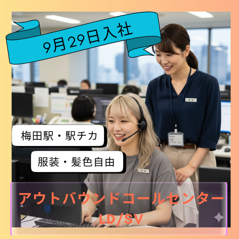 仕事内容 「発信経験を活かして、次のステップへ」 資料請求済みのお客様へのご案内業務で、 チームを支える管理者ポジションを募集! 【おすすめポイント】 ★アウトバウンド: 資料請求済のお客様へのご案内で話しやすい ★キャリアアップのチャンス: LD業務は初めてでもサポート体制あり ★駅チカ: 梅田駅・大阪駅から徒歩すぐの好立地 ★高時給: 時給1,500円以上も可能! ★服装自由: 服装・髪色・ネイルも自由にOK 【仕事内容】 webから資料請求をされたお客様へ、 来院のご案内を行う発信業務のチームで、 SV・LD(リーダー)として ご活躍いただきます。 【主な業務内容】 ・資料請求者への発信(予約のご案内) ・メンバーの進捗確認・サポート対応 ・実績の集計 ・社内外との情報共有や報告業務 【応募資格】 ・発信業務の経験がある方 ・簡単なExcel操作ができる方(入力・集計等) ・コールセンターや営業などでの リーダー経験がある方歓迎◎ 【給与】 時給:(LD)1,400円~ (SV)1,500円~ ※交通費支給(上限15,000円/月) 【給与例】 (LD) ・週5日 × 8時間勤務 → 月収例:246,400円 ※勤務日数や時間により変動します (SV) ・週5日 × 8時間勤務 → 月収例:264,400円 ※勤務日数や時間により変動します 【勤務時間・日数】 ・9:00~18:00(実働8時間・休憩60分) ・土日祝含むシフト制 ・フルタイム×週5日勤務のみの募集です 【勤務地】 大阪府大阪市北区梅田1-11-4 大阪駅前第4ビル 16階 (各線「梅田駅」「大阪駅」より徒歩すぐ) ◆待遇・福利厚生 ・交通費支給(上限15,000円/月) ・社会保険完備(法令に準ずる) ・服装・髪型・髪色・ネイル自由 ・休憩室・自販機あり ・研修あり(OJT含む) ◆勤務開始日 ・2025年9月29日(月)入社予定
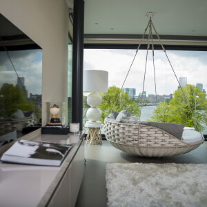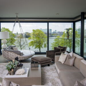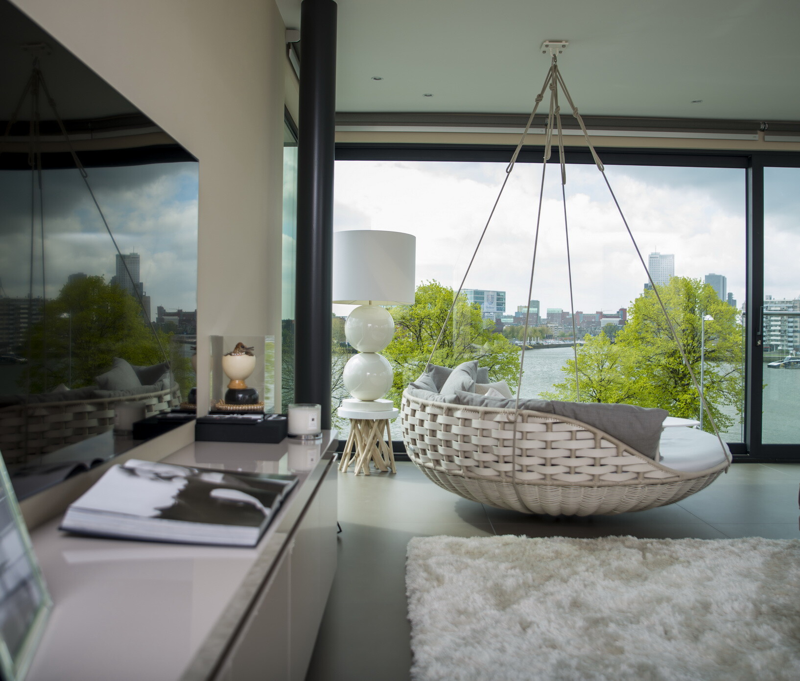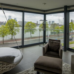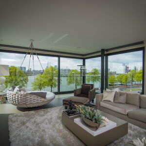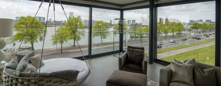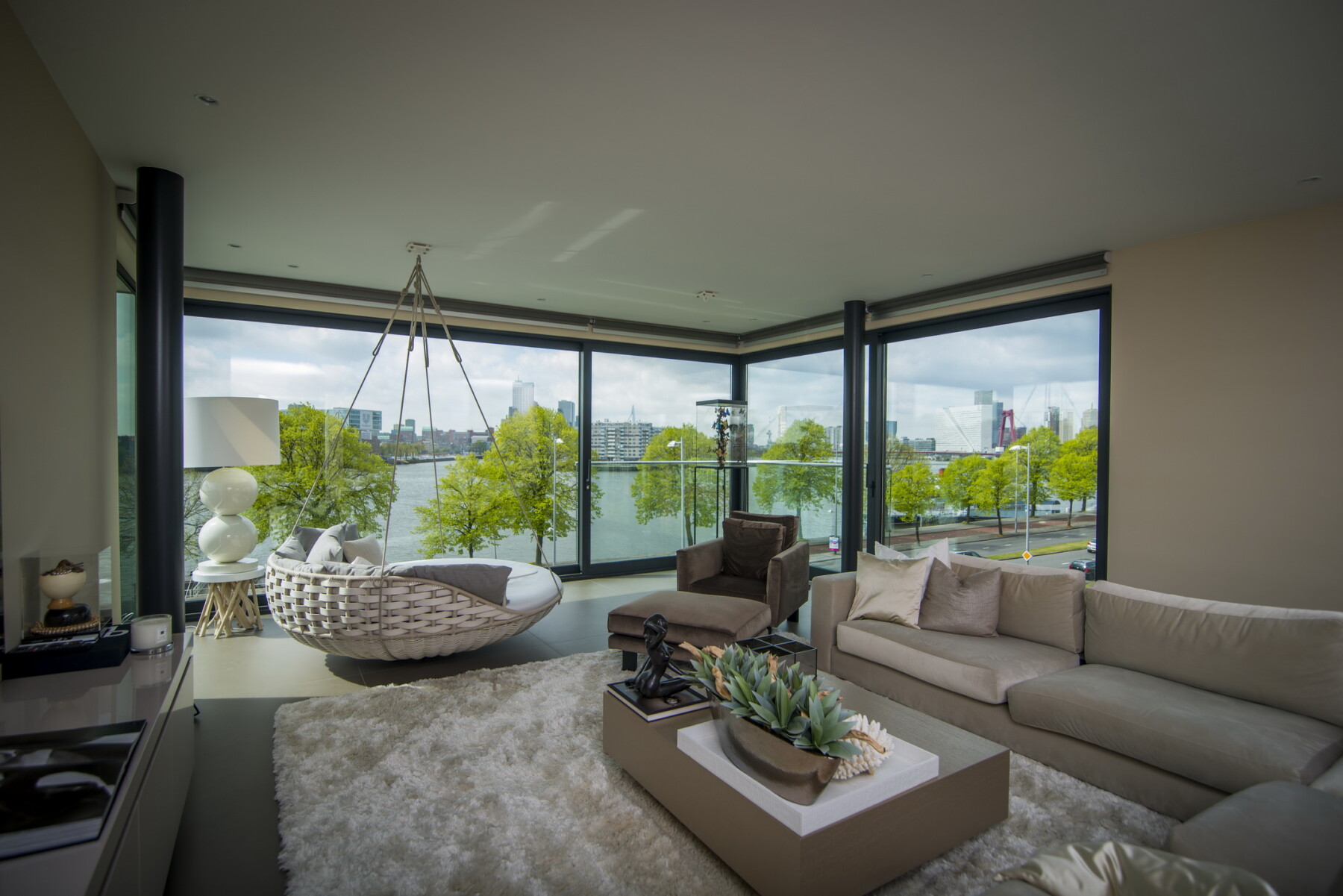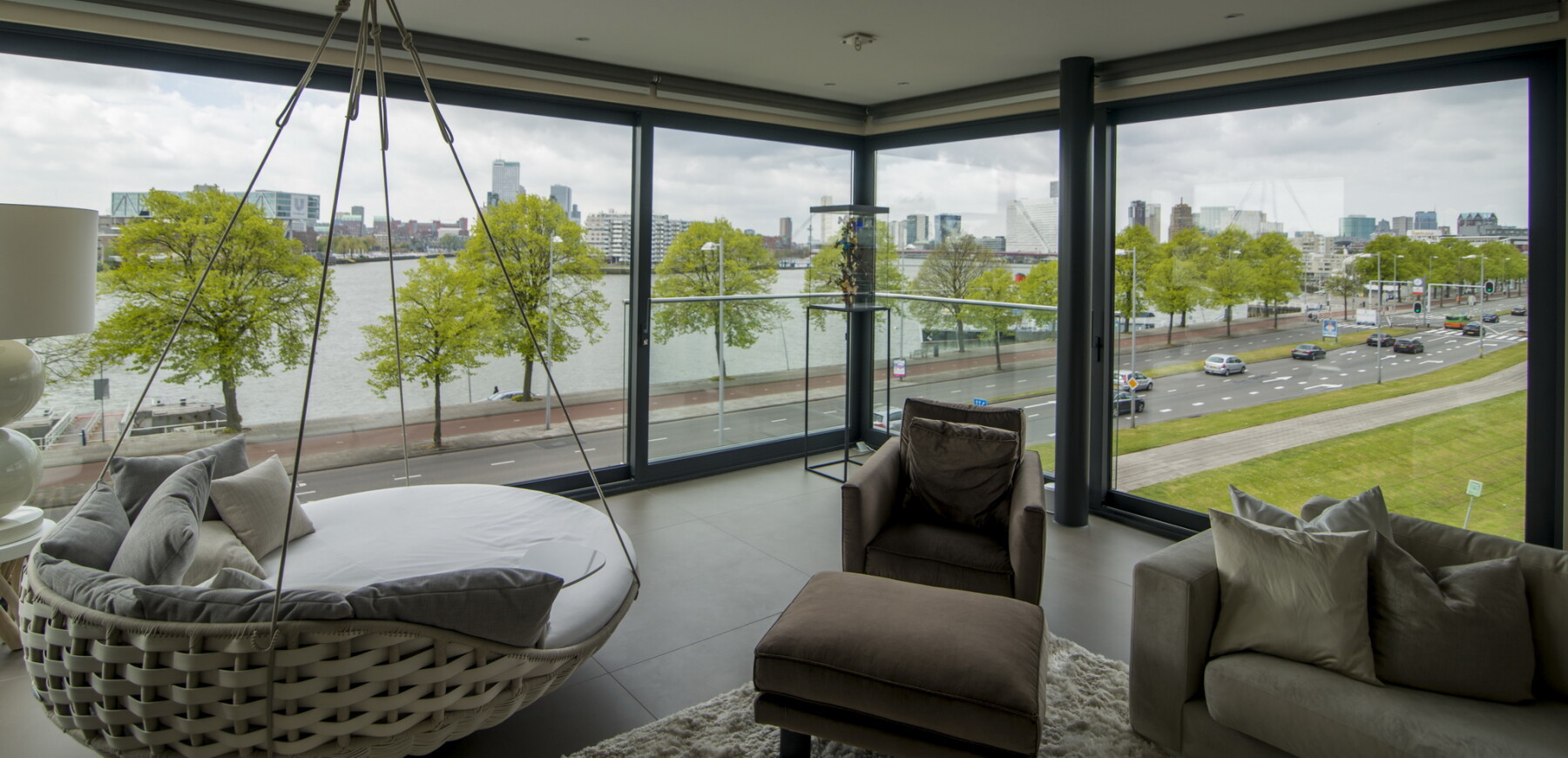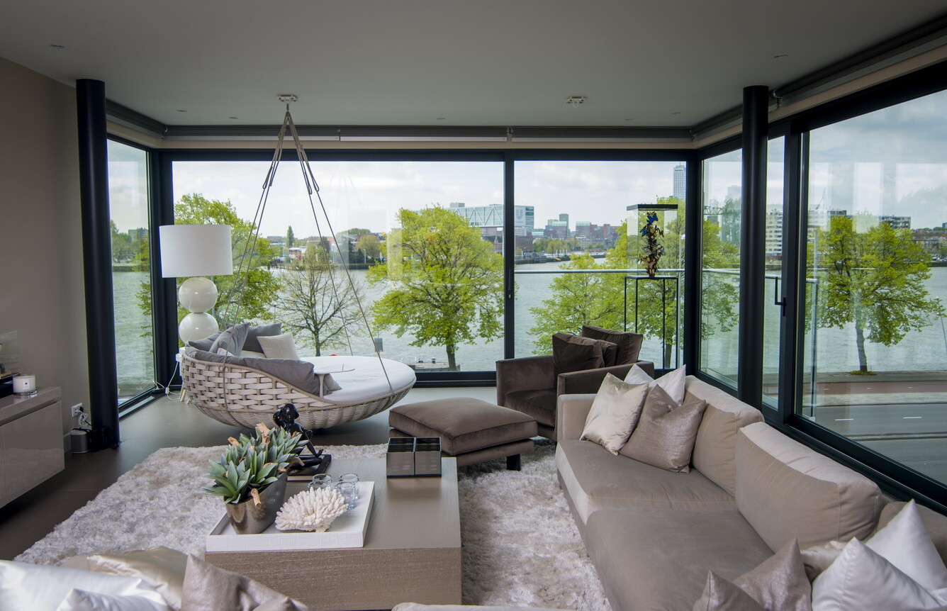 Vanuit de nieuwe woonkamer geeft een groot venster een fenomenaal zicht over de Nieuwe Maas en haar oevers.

• • • •

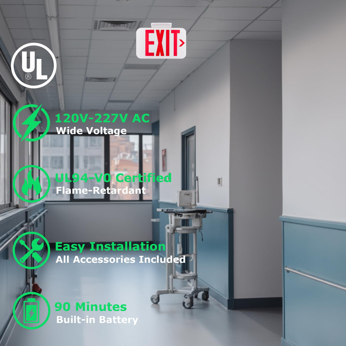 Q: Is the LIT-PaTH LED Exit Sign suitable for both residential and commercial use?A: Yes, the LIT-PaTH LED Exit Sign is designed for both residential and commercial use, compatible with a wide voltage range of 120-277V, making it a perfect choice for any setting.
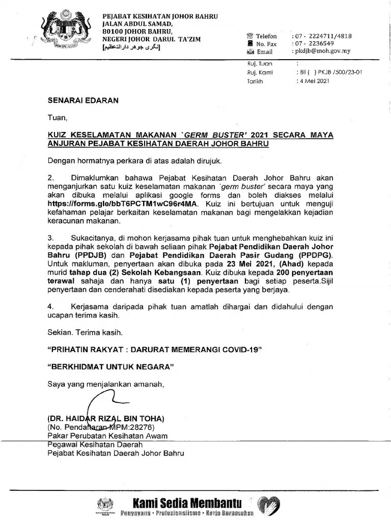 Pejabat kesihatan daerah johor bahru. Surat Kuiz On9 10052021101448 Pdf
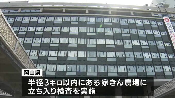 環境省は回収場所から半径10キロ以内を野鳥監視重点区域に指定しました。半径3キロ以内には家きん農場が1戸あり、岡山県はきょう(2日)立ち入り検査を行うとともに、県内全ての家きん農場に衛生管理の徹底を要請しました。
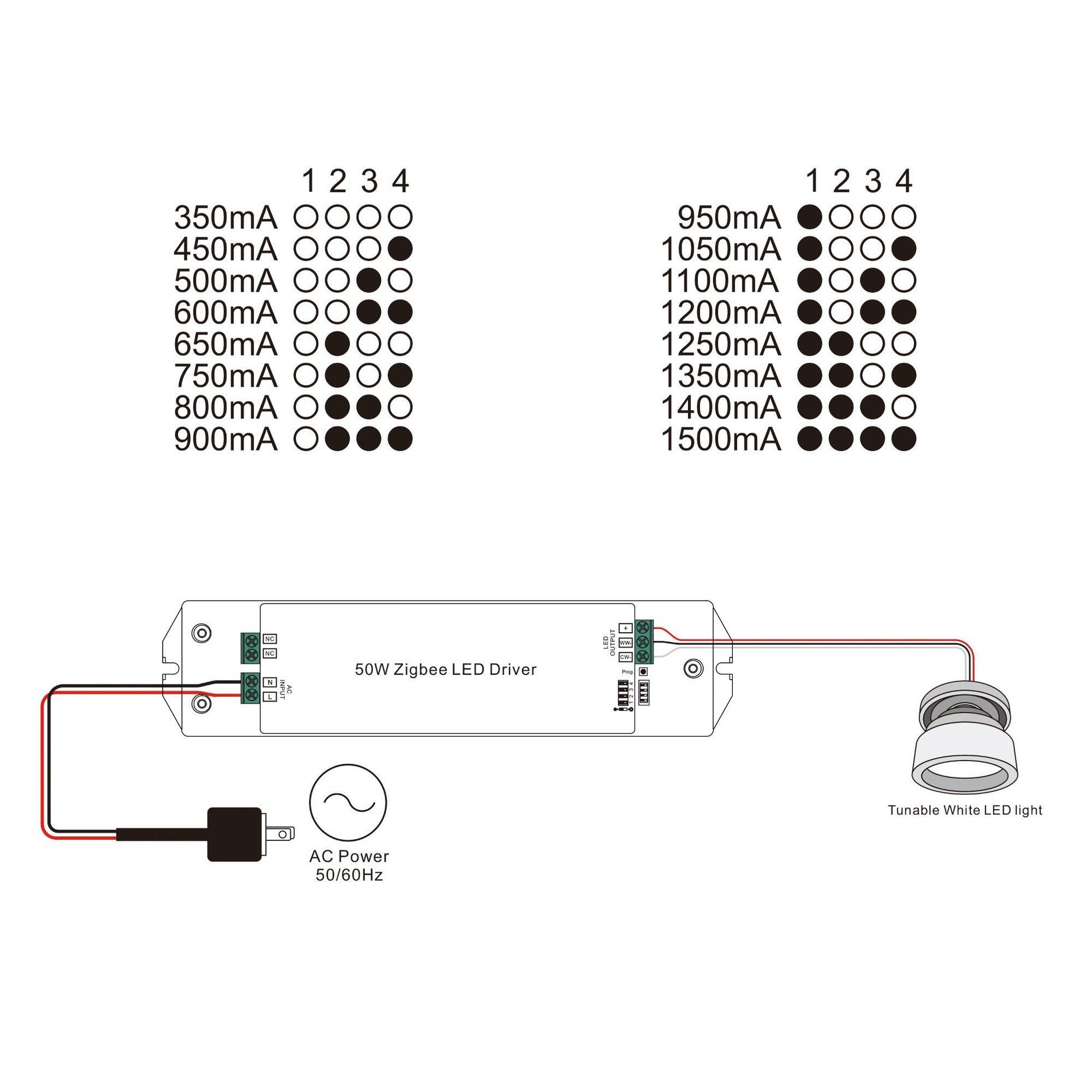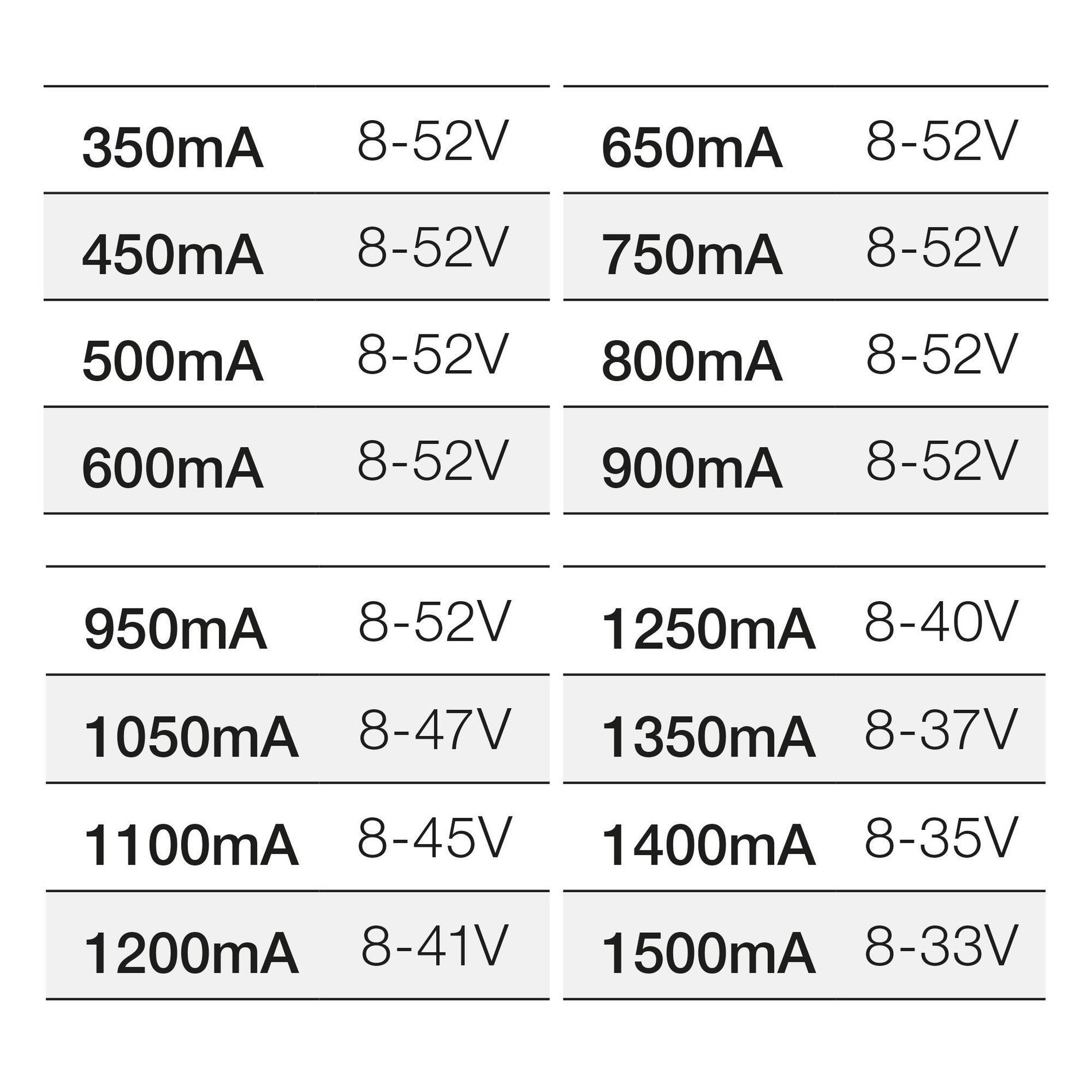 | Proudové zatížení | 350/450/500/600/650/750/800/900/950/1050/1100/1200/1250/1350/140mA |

• • • •

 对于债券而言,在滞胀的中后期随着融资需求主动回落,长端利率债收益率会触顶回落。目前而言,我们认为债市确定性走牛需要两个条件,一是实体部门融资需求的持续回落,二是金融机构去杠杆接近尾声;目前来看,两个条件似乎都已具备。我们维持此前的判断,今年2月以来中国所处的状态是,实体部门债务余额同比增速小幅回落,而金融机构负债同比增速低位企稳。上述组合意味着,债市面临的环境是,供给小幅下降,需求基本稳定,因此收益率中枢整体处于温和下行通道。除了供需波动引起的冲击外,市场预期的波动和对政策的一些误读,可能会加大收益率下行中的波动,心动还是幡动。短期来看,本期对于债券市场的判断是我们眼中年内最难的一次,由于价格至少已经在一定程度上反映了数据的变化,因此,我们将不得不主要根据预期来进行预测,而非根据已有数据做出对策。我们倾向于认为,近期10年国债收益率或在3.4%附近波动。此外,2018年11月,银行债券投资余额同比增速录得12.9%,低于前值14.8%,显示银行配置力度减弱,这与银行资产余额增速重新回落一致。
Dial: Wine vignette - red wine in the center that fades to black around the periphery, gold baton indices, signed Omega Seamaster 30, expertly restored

• • • •

**TASK GOAL:**
Only the lines above starting with the line with "Q: Is the LIT-PaTH" and going on through the line with "Proudové zatížení |" belong in the answer; repeat them exactly, minus any picture.

**THE ANSWER:**
 Q: Is the LIT-PaTH LED Exit Sign suitable for both residential and commercial use?A: Yes, the LIT-PaTH LED Exit Sign is designed for both residential and commercial use, compatible with a wide voltage range of 120-277V, making it a perfect choice for any setting.
 Pejabat kesihatan daerah johor bahru. Surat Kuiz On9 10052021101448 Pdf
 環境省は回収場所から半径10キロ以内を野鳥監視重点区域に指定しました。半径3キロ以内には家きん農場が1戸あり、岡山県はきょう(2日)立ち入り検査を行うとともに、県内全ての家きん農場に衛生管理の徹底を要請しました。
 | Proudové zatížení | 350/450/500/600/650/750/800/900/950/1050/1100/1200/1250/1350/140mA |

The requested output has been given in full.